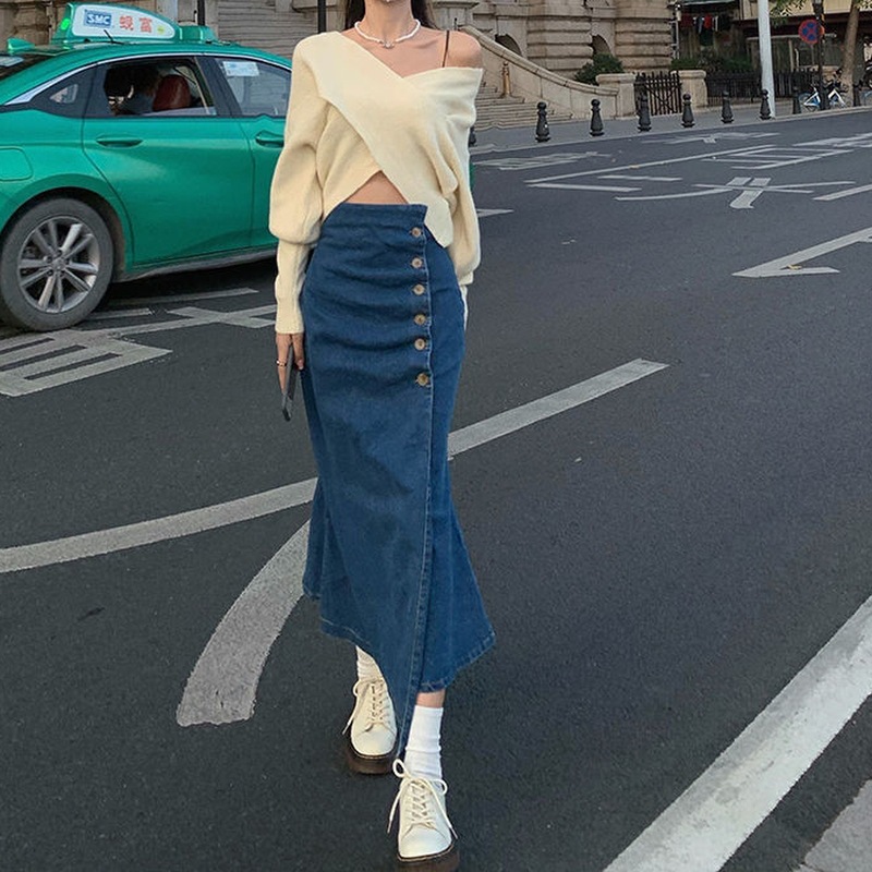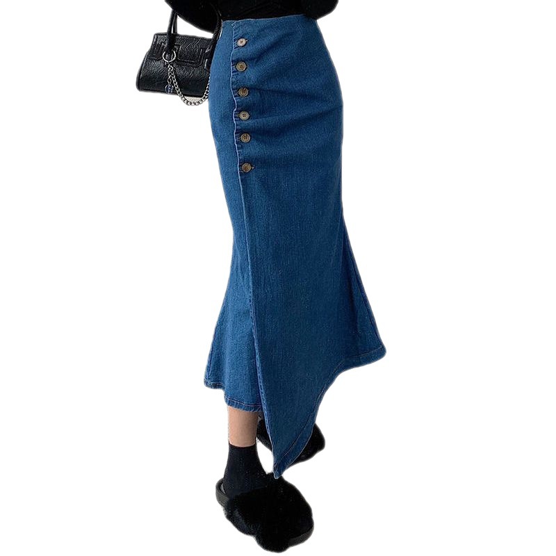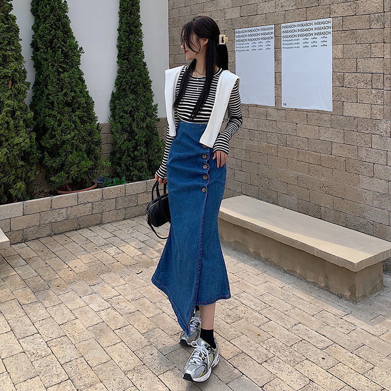 多巴胺女孩搭穿鱼尾裙胖妹开叉半身裙夏天女薄款裙子
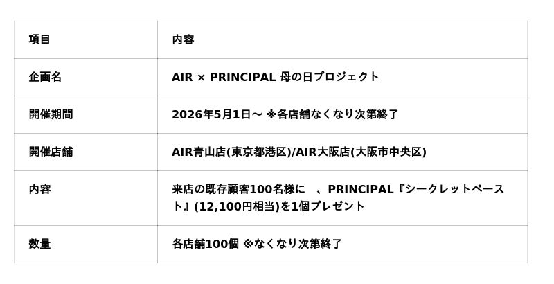 AIR青山店・AIR大阪店にて「母であり働く女性」を対象に、来店の既存顧客100名限定『シークレットペースト』を無料プレゼント。(2026年5月1日より開始)
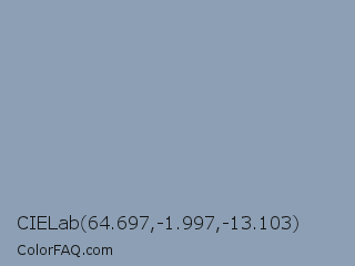 CIELab 64.697,-1.997,-13.103 Color is a light blue color and the nearest color is Cadet Grey #91a3b0. Hex code #8c9fb4 and RGB value is rgb(140,159,180). In RGB color space, this color is composed of 55% red, 62% green, 71% blue, In CMYK color space, this color is composed of 22% cyan, 12% magenta, 0% yellow , 29% black , In HSL color space, this color has a hue angle of 212° , 21% saturation and 63% lightness.
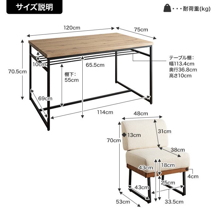 【耐荷重】テーブル天板:約50kg、テーブル棚:約15kg、ソファ(1脚あたり)約100kg
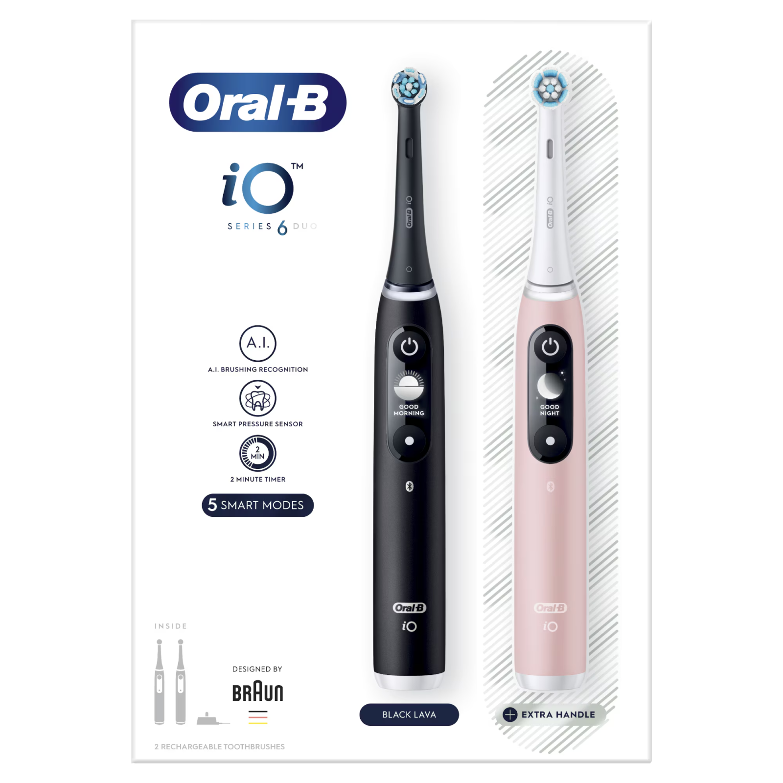 Set 2 x Periuta de dinti electrica Oral-B iO6, cu Tehnologie Magnetica si Micro-Vibratii, Inteligenta artificiala, Display led interactiv, Senzor de presiune Smart, Timer vizibil, 5 moduri, 1 capat, N
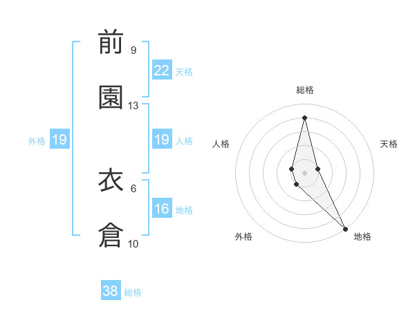 前園 衣倉さんを姓名の画数から五運を鑑定
◆ ◆ ◆ ◆ ◆ ◆ ◆
What you have to do -
Reproduce the material word for word, pictures excluded.

Reply to the task -
 多巴胺女孩搭穿鱼尾裙胖妹开叉半身裙夏天女薄款裙子
 AIR青山店・AIR大阪店にて「母であり働く女性」を対象に、来店の既存顧客100名限定『シークレットペースト』を無料プレゼント。(2026年5月1日より開始)
 CIELab 64.697,-1.997,-13.103 Color is a light blue color and the nearest color is Cadet Grey #91a3b0. Hex code #8c9fb4 and RGB value is rgb(140,159,180). In RGB color space, this color is composed of 55% red, 62% green, 71% blue, In CMYK color space, this color is composed of 22% cyan, 12% magenta, 0% yellow , 29% black , In HSL color space, this color has a hue angle of 212° , 21% saturation and 63% lightness.
 【耐荷重】テーブル天板:約50kg、テーブル棚:約15kg、ソファ(1脚あたり)約100kg
 Set 2 x Periuta de dinti electrica Oral-B iO6, cu Tehnologie Magnetica si Micro-Vibratii, Inteligenta artificiala, Display led interactiv, Senzor de presiune Smart, Timer vizibil, 5 moduri, 1 capat, N
 前園 衣倉さんを姓名の画数から五運を鑑定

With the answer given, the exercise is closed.